Use this guide to help you find relevant, reliable, and useful sources to respond to your specific team business challenge project.

Your Business Challenge

  • Business Challenge: How can Vital Medical Services expand opportunities to offer mental health services to K-12 schools, particularly in traditionally underserved communities?

Breaking Down Your Challenge

Understanding the Context

  • What do you already know about your research challenge?
  • What do you need to know or understand? 
  • What are the major concepts of your research challenge? 
    • Concept 1
    • Concept 2
    • Concept 3
  • What are some similar terms for each of the concepts above? Why might it be important to come up with similar terms for your major concepts of your research challenge?
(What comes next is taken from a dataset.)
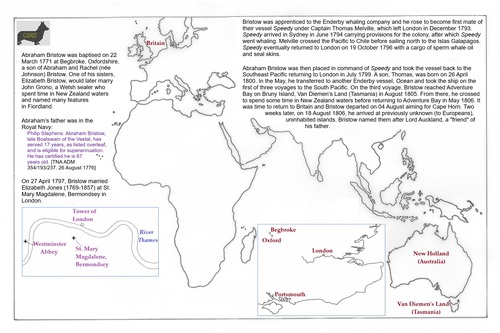 Abraham Bristow 1: a: Britain to New Holland; b: River Thames; c: Southeast England

Icons on this page are created by Sharon Showalter from the Nounproject.

Effective Searching Using Keywords

Boolean Operators (AND, OR, NOT)

  • Use AND to connect keywords and look for both terms together. Example: aerospace AND graduates
  • Use OR to include synonyms or similar keywords. Great for when you don't know what word to use yet. Example: college OR university
  • Use NOT to exclude topics or subjects that are not relevant to your search. Example: 

McMasters Libraries: How Library Stuff Works Boolean Operators (AND OR NOT) Youtube Video

Modifiers (*, (), " ")

  • Use quotation marks or "" to look for a specific phrase or term in that order. Example: "mental health services" will give results only including this exact phrase.
  • Use wildcard or * to broaden a keyword to its many forms. Example: minorit* would include minority, minorities, and minoritized in the results.
  • Use brackets or parentheses or () to tell the search engine the order you want to search. Example: (adolescent* OR youth OR teen*) AND "mental health services" would look first at any results with the term adolescent, adolescents OR the terms youth OR the terms teen, teens, teenagers then it would look for anything that also had the term "mental health services" in the same results.

Sample Searches for Context

Effective searching for background and contextual information begins with 3 key parts:

  1. Keywords, phrases, and terms that connect to your main idea
  2. Boolean operators and modifiers that help you broaden and/or narrow your results
  3. Most relevant location or database for searching. That is, is Google Scholar appropriate for searching or a library database or both?

Example:

I want to start looking at how businesses like Vital Medical Services provide mental health services to K-12 school populations that have been underserved. My keywords are:

  • "mental health services" OR "mental health assessment". I don't know which works best yet so I use OR to look for both
  • school*. I don't know what version of this word I need so I use the wildcard modifier
  • maybe: "mental health services" OR "school-based" OR "mental health intervention". I need another word here to narrow my search further.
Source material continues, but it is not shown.